Shipments of personal-liable smartphones (i.e. “bring your own device,” or BYOD, phones) drove market growth in Q1; personal liable devices made up for over two thirds of all business smartphone shipments in the quarter. Strategy analytics defines personal libel devices as devices purchased by the end-user and expensed back to the company or organization, or devices purchased outright by individual users but used primarily for business purposes linking to corporate applications and backend systems. See more of the report here: Global Business Smartphone Quarterly Tracking: Q1 2015
Regional variation on corporate/personal liable preferences
While personal liable devices dominate worldwide business smartphone shipments, some regions are more resistant to the BYOD trend than others. Such regions include Western Europe and Central Europe, where corporate-liable devices are the dominant types of business smartphones. In Western Europe in Q1, 61% of the 10 million business smart phones were corporate-liable. Central and Eastern Europe had a slightly higher rate of BYOD devices shipped in Q1 — 41% — but the majority of smartphones shipped in this regions was also corporate-liable. This a sharp contrast to North America, where three-quarters of business smartphone shipments are personal-liable. The trend in Western and Eastern Europe reflects the more corporate-centric approach businesses take to mobility in these regions.

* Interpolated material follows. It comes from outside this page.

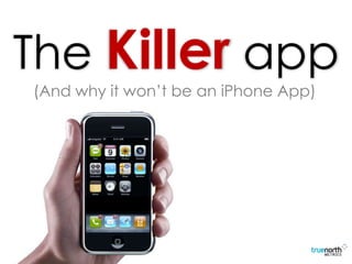 The document discusses how marketers are seeking the "killer app" for the iPhone but raises questions about the sustainability and audience reach of iPhone apps. It notes that iPhone apps see steep usage declines over time and have limited audiences due to the small percentage of iPhone users. The document then argues that SMS provides a more effective and affordable "killer app" for mobile marketing by allowing customizable, incentivizing messages that can reach all mobile users, not just iPhone owners.

Smartphone OS share varies by deployment model (CL vs. IL)
Android was the most dominant OS in terms of business smartphone shipments in Q1, accounting for nearly 60% of all business smartphones (corporate- and personal-liable). It was also the dominant BYOD device; 68% of personal-liable shipments in Q1 were Android. Apple iOS accounted for only 27% of BYOD shipments in Q1, but was the dominant platform in terms of corporate-liable smartphones, with 48% of Q1 CL shipments. The difference in Android/iOS shipments between the CL and IL categories reflects the continuing corporate perception that iPhones are “safer” than Android-based devices, says Phil Hochmuth, director of Mobile Workforce Strategies research at Strategy Analytics.
“Enterprises that want to maintain control and ownership of employees’ smartphones deploy iOS because of perceived security advantages over Android and strong support for iOS from business software and cloud providers,” Hochmuth says. “However, with the emergence of Android for Work and stronger support for Google’s platform across the enterprise ecosystem, we predict this perception gap will shrink among enterprise in the near future.”